My understanding is that when you file a bug on the non-beta fsd Tesla, Tesla never reviews this information, and thus, the car's ability to navigate on Autopilot doesn't improve. It's never been clear to me why Tesla would incorporate a bug filing feature but not use that function to improve the system.
That feature is so if you open a service ticket with Tesla, there's a bookmark in the logs about the problem the technician can easily reference.
Other than that use the data just sits local on the car.
Imagine the amount of human review needed if they were going to look at every bug report from every person in a fleet of over 1 million cars (and likely to almost double next year).
Some folks post about how they were doing a bug report dozens of times a day for incorrect speed limits for example (because they incorrectly thought someone reviewed every report)... multiply that by fleet size and yikes.
Now I'm seeing the FSD beta videos, and it appears people are filing bug reports and Tesla is putting out very quick updates, fixing very big issues in a matter of days.
The FSD beta testers have a special button on their screens (the extra, white, camera icon you can see slightly to the right of the top middle in videos) that captures (and actually DOES send to Tesla) a MUCH more detailed set of logs including video content) than what the standard bug report feature captures.
As you note the fleet is vastly smaller so they can afford the manpower to review those reports unlike if they had to do so fleet-wide.
I think the fact the car doesn't learn locally has been explained by others now, so two other questions of yours seems to remain outstanding-
Sorry if this is a stupid question, but it just seems like Tesla was ignoring basic issues like going down curvy roads, and yet now they're able to take and implement feedback immediately. People keep mentioning the neural network, but I don't understand how that neural network works (I assume it's doing what I mentioned above - using driver engagement as a sign that its decision was faulty.)
Currently the only thing the system is using NNs for is detection/recognition.... basically it's the vision system.

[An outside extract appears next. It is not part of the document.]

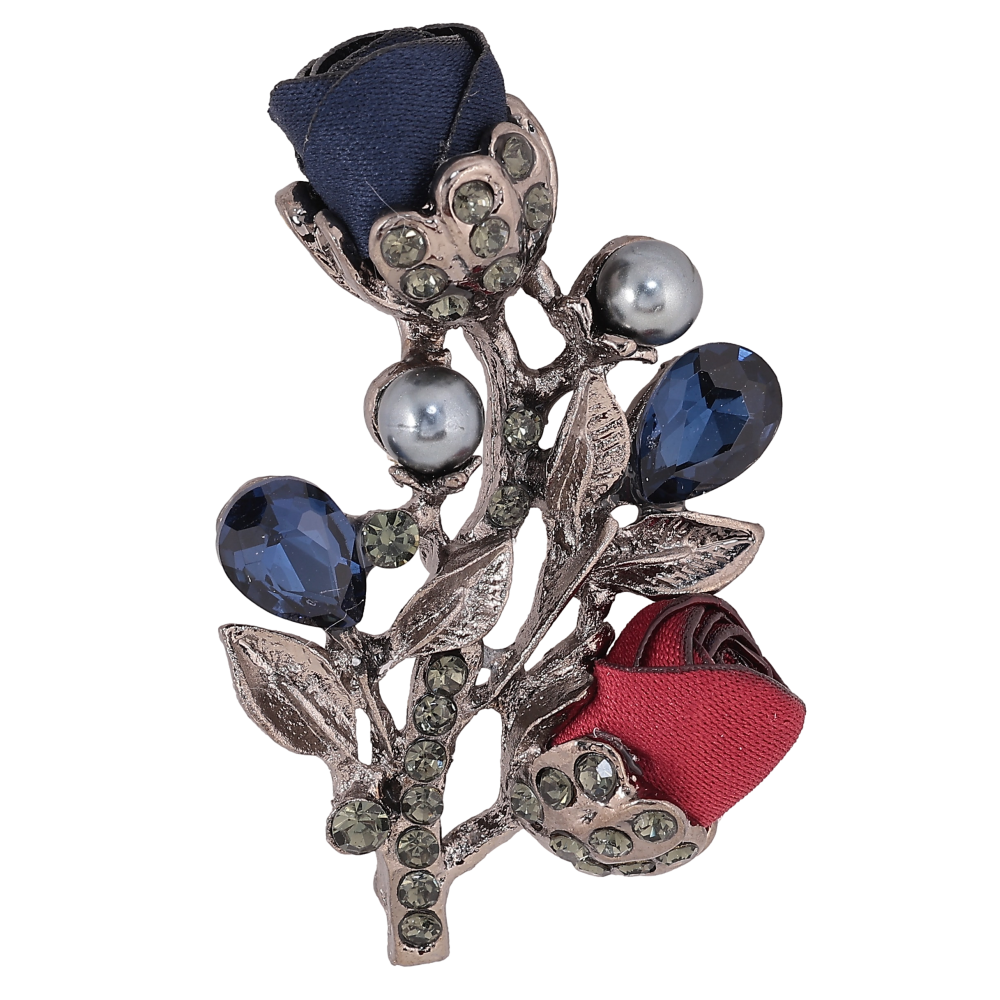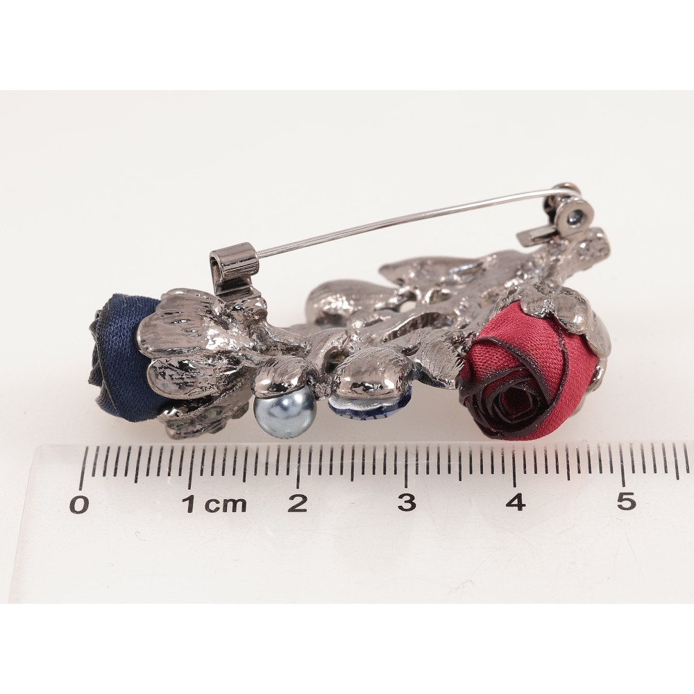 Брошка "Квіточка з атласними трояндами та стразами"

Following is a very simplified explaination-
The NNs are fed input from the sensors and try to figure out what it's seeing.... identifying that thing over there is a sedan moving ahead of me at 38 miles per hour, that other thing is a pedestrian standing on the corner, those things up ahead are stop lights that are currently green, etc...
So that gets to training... let's say Tesla has a system that can't identify stop signs (it can now, but once could not).

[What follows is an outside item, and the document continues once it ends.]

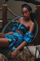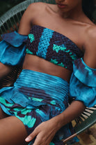 Silvina is an off-the-shoulder crop top crafted in lightweight cotton with a stunning abstract blue-turquoise print. It features a charming handmade smocked front and delicate layered short puff sleeves.

So Tesla sends out a campaign to the fleet "send me a picture from this specific front camera every time you stop at a GPS location that the map says has a stop sign" (lots, but not all, stop signs are in the map data).
This sends a flood of photos back to Tesla. They have humans manually go through them and label the stop sign in the data.
This labeled data is then used to "train" the NN that will need to recognize stop signs, so that it "learns" what stop signs look like from different angles, in different light, etc...
With each round of new fleet data and training, it gets better at reliably recognizing stop signs under a very wide variety of conditions and situations.
Eventually you get the feature where it'll stop at them on its own because it's good enough to (along with the map data) realize it's seeing them virtually all the time.
Thanks, I just watched both of these. First off, it's amazing that there are people intelligent enough to code like this. It is beyond my mental capacity.
I will say that I'm still confused about AP's learning capabilities. In the videos, he mentions that the cars can predict scenarios based on data sets, but of course, its predictions can be inaccurate because there are an infinite number of nuanced situations. But then he talks about how a car can - for example - fail to recognize an occluded stop sign. And if it does, Tesla can ask the fleet to look for a number of these instances. Then they train the fleet to recognize occluded stop signs.
Right.... as in the above example, now that it recognizes clear stop signs, they could tell the fleet to send photos of, say "any time your map data says there's a stop sign but the NN doesn't think there is one" and that will likely capture some occuled situations they can use to train to recognize the situation.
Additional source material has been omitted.